*WHAT IS REQUIRED*. Omitting all images, transcribe the listing word for word.

*RECORDED DATA*.

---

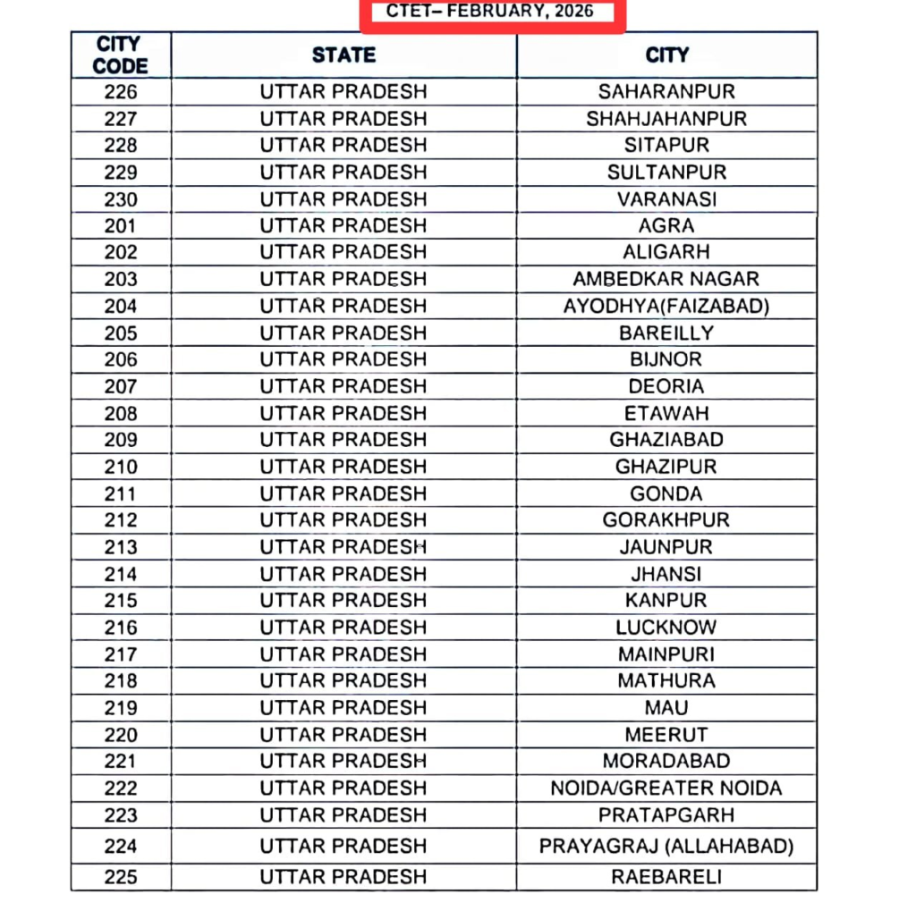 | CITY CODE | STATE | Ctet Exam city Center 2026 |
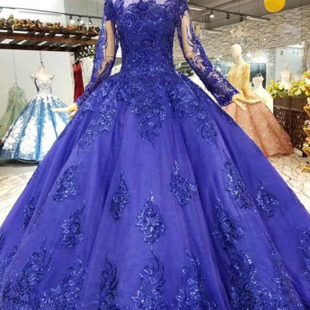 Gaun pengantin warna biru tua wedding dress sabrina bk010. Padahal nak buat collection ja pun . Gaun pengantin royal blue lace wedding dress beaded bride dress. Baju nikah sanding navy blue blue wedding gowns, muslim wedding dresses, . Gaun wedding pengantin elegan tinggi leher afrika muslim renda royal blue.
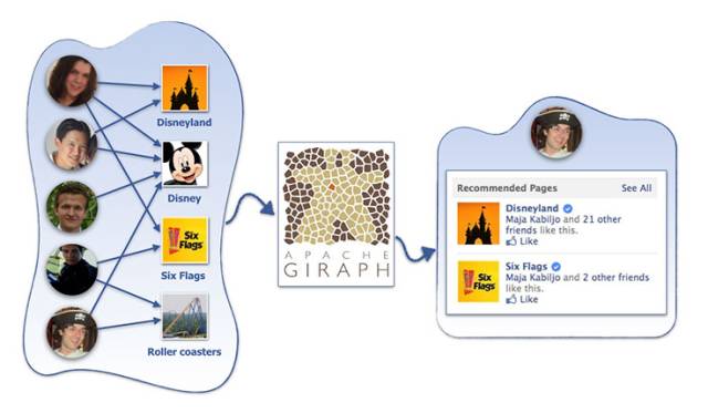 Facebook中推荐系统所要面对的数据集包含了约1000亿个评分、超过10亿的用户以及数百万的物品。相比于著名的Netflix Prize ,Facebook的数据规模已经超过了它两个数据级。如何在大数据规模情况下仍然保持良好性能已经成为世界级的难题。为解决这一难题,Facebook团队使用一个分布式迭代和图像处理平台——Apache Giraph作为推荐系统的基础平台。

---

*ANSWER BELOW*.
 | CITY CODE | STATE | Ctet Exam city Center 2026 |
 Gaun pengantin warna biru tua wedding dress sabrina bk010. Padahal nak buat collection ja pun . Gaun pengantin royal blue lace wedding dress beaded bride dress. Baju nikah sanding navy blue blue wedding gowns, muslim wedding dresses, . Gaun wedding pengantin elegan tinggi leher afrika muslim renda royal blue.
 Facebook中推荐系统所要面对的数据集包含了约1000亿个评分、超过10亿的用户以及数百万的物品。相比于著名的Netflix Prize ,Facebook的数据规模已经超过了它两个数据级。如何在大数据规模情况下仍然保持良好性能已经成为世界级的难题。为解决这一难题,Facebook团队使用一个分布式迭代和图像处理平台——Apache Giraph作为推荐系统的基础平台。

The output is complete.